**Aim of the task**
Among the entries below, retype exactly the lines starting with the one with "Trasferisco la regina" and going on through the one with "Cocoa belga, ganache", but not the pictures.

**Data excerpts**

^^^^^^^^

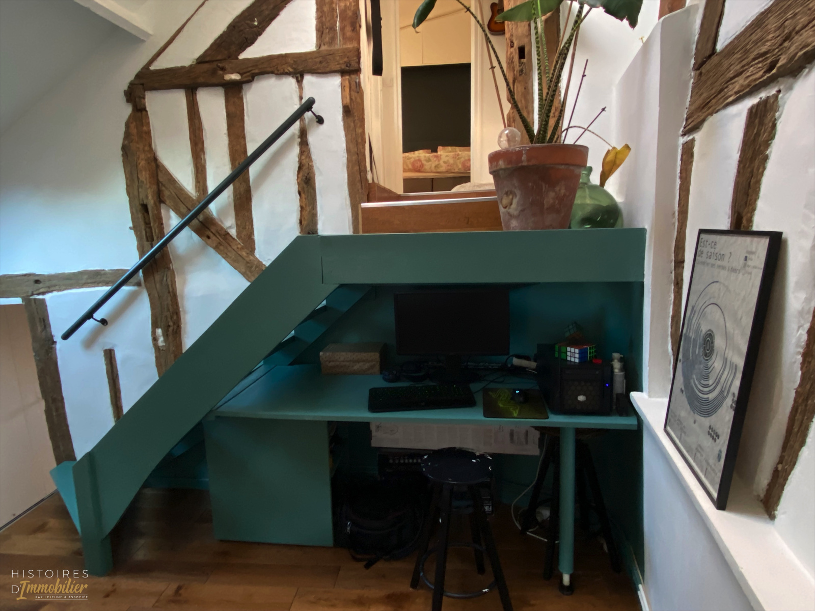 Il se situe en duplex au quatrième et dernier étage d'une petite copropriété très bien entretenue.
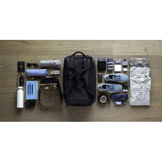 Taška sa dá ľahko prenášať, pretože ponúka niekoľko spôsobov nosenia. Držiak na popruhoch vám umožní držať tašku ako bežnú batožinu. Tieto pásky sa môžu zasunúť a namiesto nich môžete využiť integrované batohové popruhy. Ak vymeníte držiak za batoh, jedinečný dizajn eliminuje akékoľvek voľne visiace popruhy a zabezpečuje čisté línie a nulové nebezpečenstvo zakopnutia. Ak tašku nesiete ako batoh, je možné pripojiť bedrový pás a zvýšiť stabilitu, keď šliape po skalnatom teréne alebo potrebujete ďalší zabezpečovací prvok v preplnených centrách miest. Taška ponúka tiež preklopné upevňovacie poutko, ktoré vám umožní nasunúť cestovnú tašku 30L na rukoväť kufru a prejsť s ňou cez letisko na kolieskach, bez namáhania ramien alebo chrbta.
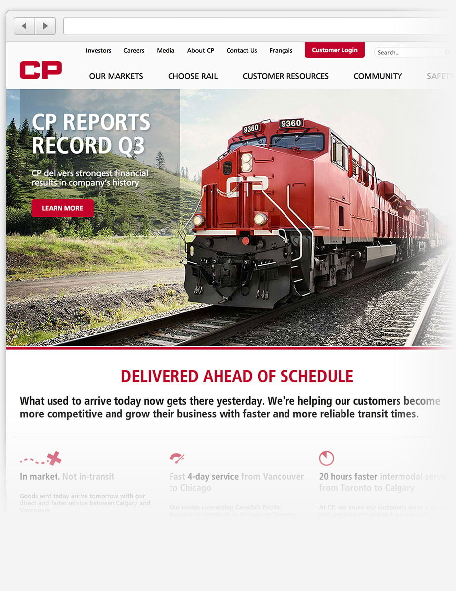 CPR.ca is built on SharePoint 2013 and is an example of a visually rich, fully responsive website and integrated marketing tool. CPR.ca is an enterprise-level customer portal designed with CP’s business in mind.
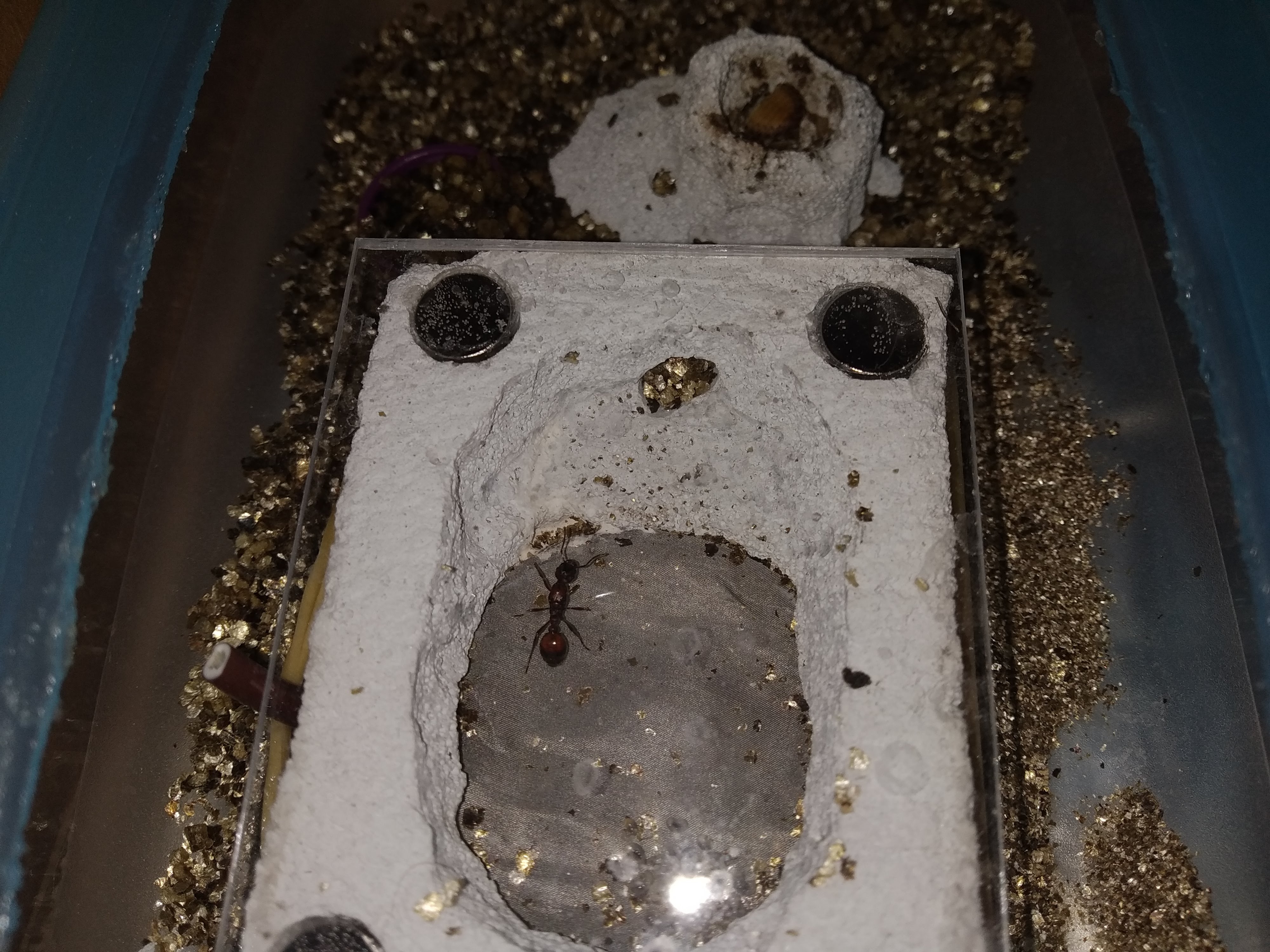 Trasferisco la regina Gamma dentro un formicaio con water tower e arena con substrato di vermiculite, la regina ha diverse uova, due larve e una pupa in fase di pigmentazione.
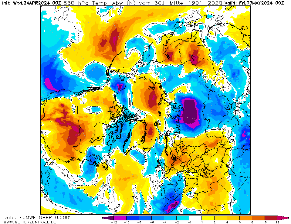 Blikvanger m.i. is de kou west-Siberië. Forse afwijkingen op termijn. Edit. Ook koelere weer in het westen van noordelijk Afrika valt me op.
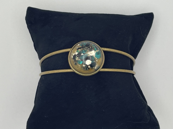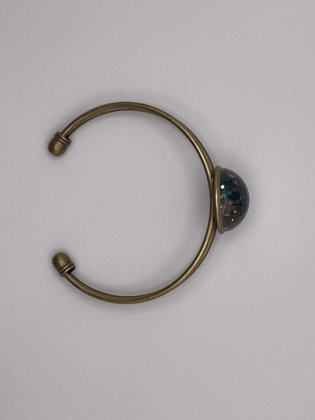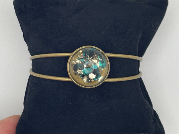 Bracelet jonc de largeur ajustable. Paillettes incrustées dans la résine.
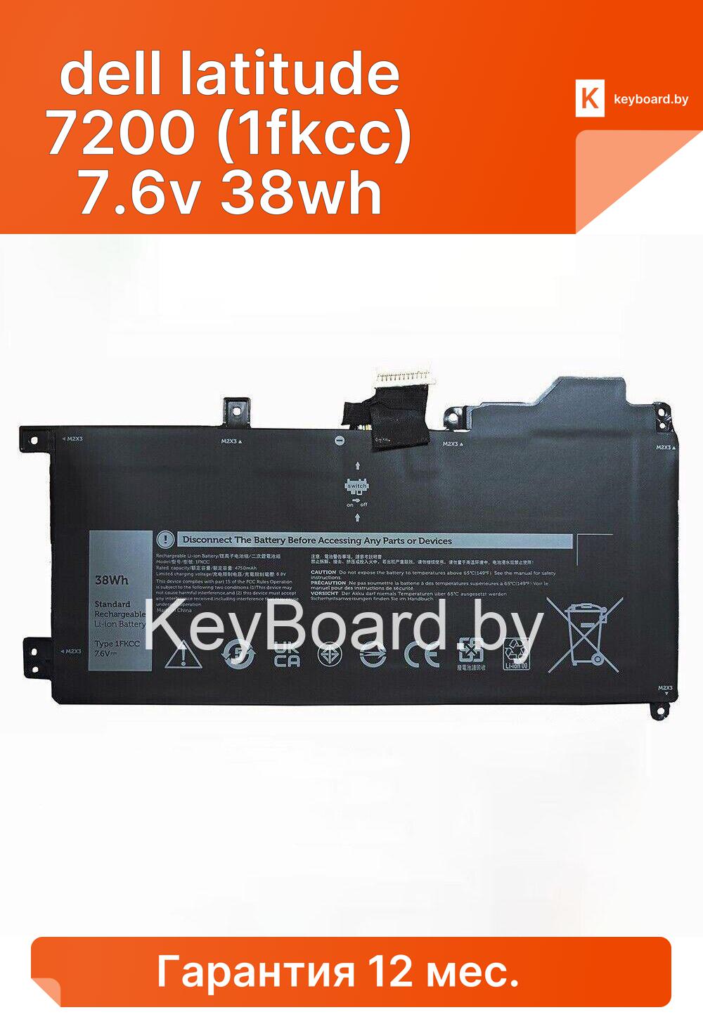 Аккумуляторная батарея для ноутбука dell latitude 7200 (1fkcc) 7.6v 38wh
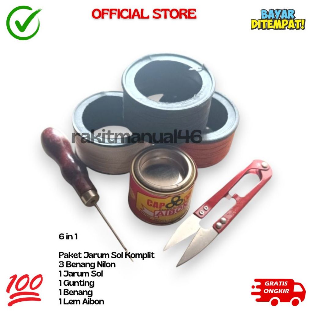 Paket Benang Nilon Sol Sepatu + Sol Sepatu Original + Benang + Lem Aibon C
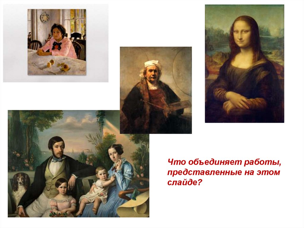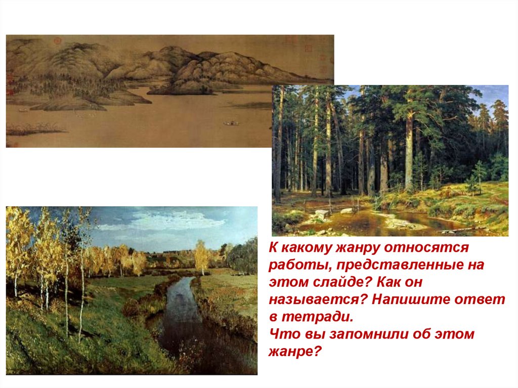 К какому жанру относятся работы, представленные на этомслайде? Как он называется? Напишите ответ в тетради.
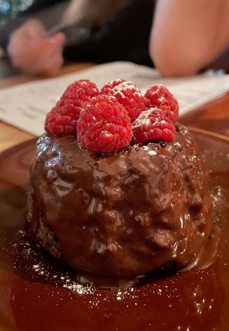 Cocoa belga, ganache de chocolate mexicano orgánico y frambuesa de Puebla, es la combinación de este pastel.
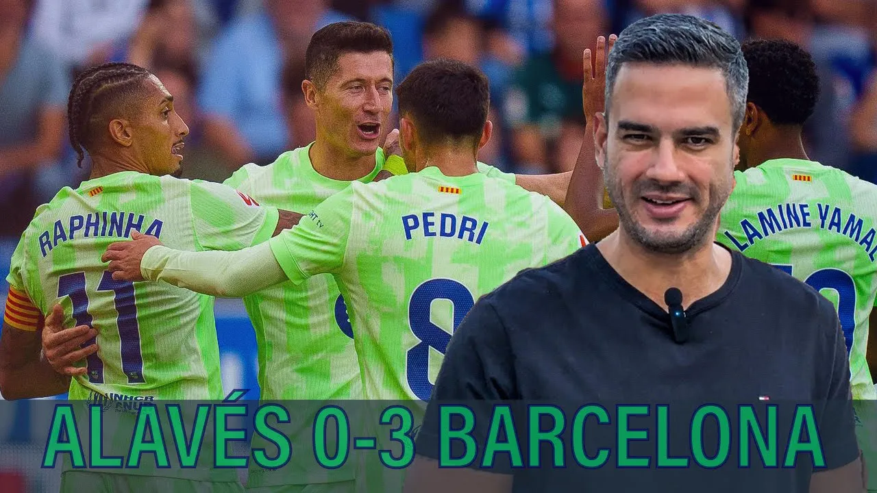 meu povo bom domingo para vocês hein a boa notícia é que o Barcelona aprontou de novo e a má notícia não tem cara não tem muito o que falar de ruim desse alav 0 Barcelona 3 foi mais um jogo que quando você olha no calendário para quem é de fora e não acompanha tanto la liga fala alaves que que o alaves vai fazer Jogar em Vitória normalmente é muito difícil os grandes normalmente ganham lá mas os grandes normalmente sofrem lá ganhar com três gols com 30 minutos e podia ter sido mais a sensação do Barcelona

^^^^^^^^

**Output below**
 Trasferisco la regina Gamma dentro un formicaio con water tower e arena con substrato di vermiculite, la regina ha diverse uova, due larve e una pupa in fase di pigmentazione.
 Blikvanger m.i. is de kou west-Siberië. Forse afwijkingen op termijn. Edit. Ook koelere weer in het westen van noordelijk Afrika valt me op.
 Bracelet jonc de largeur ajustable. Paillettes incrustées dans la résine.
 Аккумуляторная батарея для ноутбука dell latitude 7200 (1fkcc) 7.6v 38wh
 Paket Benang Nilon Sol Sepatu + Sol Sepatu Original + Benang + Lem Aibon C
 К какому жанру относятся работы, представленные на этомслайде? Как он называется? Напишите ответ в тетради.
 Cocoa belga, ganache de chocolate mexicano orgánico y frambuesa de Puebla, es la combinación de este pastel.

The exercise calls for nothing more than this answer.